Бродячий музыкант Бенц Франк явился к евангелической рати Оденвальда и Неккарталя с письмом от вюрцбуржцев. Он застал войска в Мильтенберге, куда они прибыли из Аморбаха. Город Вюрцбург возмутился против архиепископа и требовал срочной помощи у крестьян.
Это требование было подписано Гансом Берметером и Георгом Грюневальдом. Первый из них приходился двоюродным братом ротенбургскому ратсгеру Берметеру и пользовался популярностью среди сограждан как большой мастер игры на флейте и лютне и отменный краснобай и весельчак. Георг Грюневальд, в просторечии мейстер Тиль, тоже происходил из старинного рода и славился как искусный живописец и ваятель. Эти люди, по рассказам Бенца Франка, и подняли восстание в городе, и они были далеко не единственными из служителей муз, которые в этом великом движении отдались душой и телом борьбе за дело угнетенных. От зажженной ими искры вспыхнуло такое пламя, что епископ Конрад Тюнгенский больше не отваживался спускаться в город с высоты своего Фрауенбергского замка.

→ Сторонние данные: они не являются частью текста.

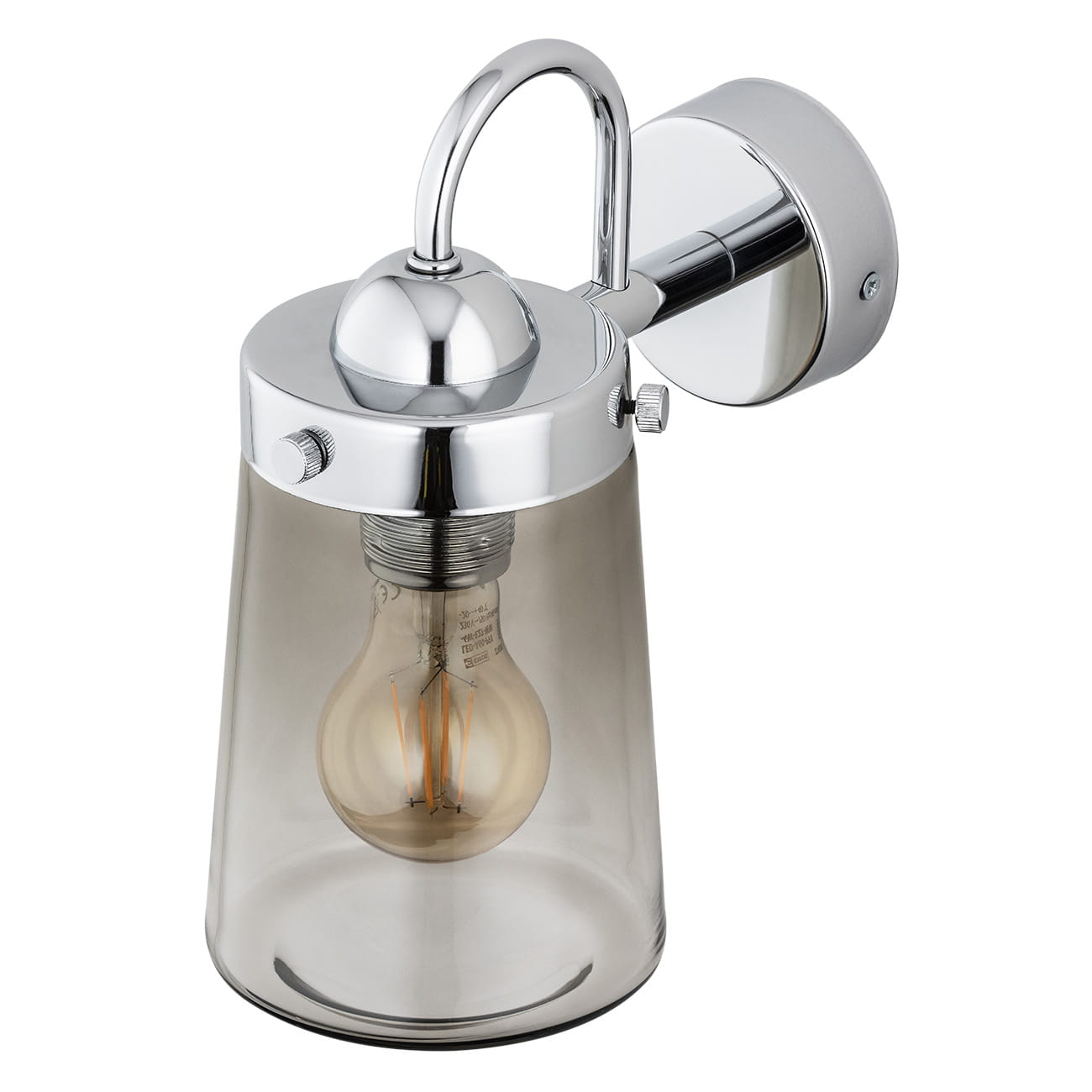 Chromowana lampa ścienna kinkiet z szklanym dymnym kloszem Argon 4718 Pasadena E27

Бродячий музыкант исколесил всю Франконию. По его словам, по всей франконской земле поднимались крестьяне и горожане, разрушали замки и монастыри и, стекаясь воедино, образовали мощный поток — общефранконское ополчение, — который грозит затопить своими бурными волнами епископскую столицу. «Вперед на Вюрцбург!» — призывала Черная Гофманша, грозно потрясая кулаком в сторону востока. Крестьяне, не раз прерывавшие рассказчика возгласами одобрения, подхватили крик несчастной, и грозный гул пронесся над лагерем. Старик взялся за свою волынку; раздались визгливо-скрипучие звуки марша. Потом он перешел на танец, и все крестьяне и крестьянки закружились в плясе, с гиканьем и криками подпрыгивая и притопывая среди поднявшегося облака ныли.
Тем временем Гец фон Берлихинген вместе с Венделем Гиплером вернулись с заседания крестьянского совета, на котором было зачитано послание вюрцбуржцев, после чего Гец еще раз безуспешно пытался выдвинуть свое предложение: дать Трухзесу фон Вальдбургу бой в открытом поле.
— Вы слышите, как они расходились? Как дикие звери! — сказал Гец своему спутнику, прислушиваясь к шумному плясу крестьян. — Обуздать их можно только строгостью. Помните, как я взывал к их совести, как осуждал их вероломство в Аморбахе? А что толку? Разве здесь, в Мильтенберге, они не принялись опять за грабежи?
— Увы. И кого не пощадили? Моего личного друга Фридриха Вейганда! — согласился Вендель со вздохом. — Они не ведают, как много он сделал для дела освобождения народа. Правда, открыто он не выступал: он болезненный человек и не обладает даром красноречия. Но перо в его руке — это меч огненный. У него светлый ум, и никто лучше его не знает нужд нашей страны. Летучие листки, которых он пустил в народ великое множество, всюду разжигали пламя восстания. По моей просьбе он явился в Аморбах, а крестьяне решили, что он приложил руку к составлению Декларации, и отплатили ему на свой лад.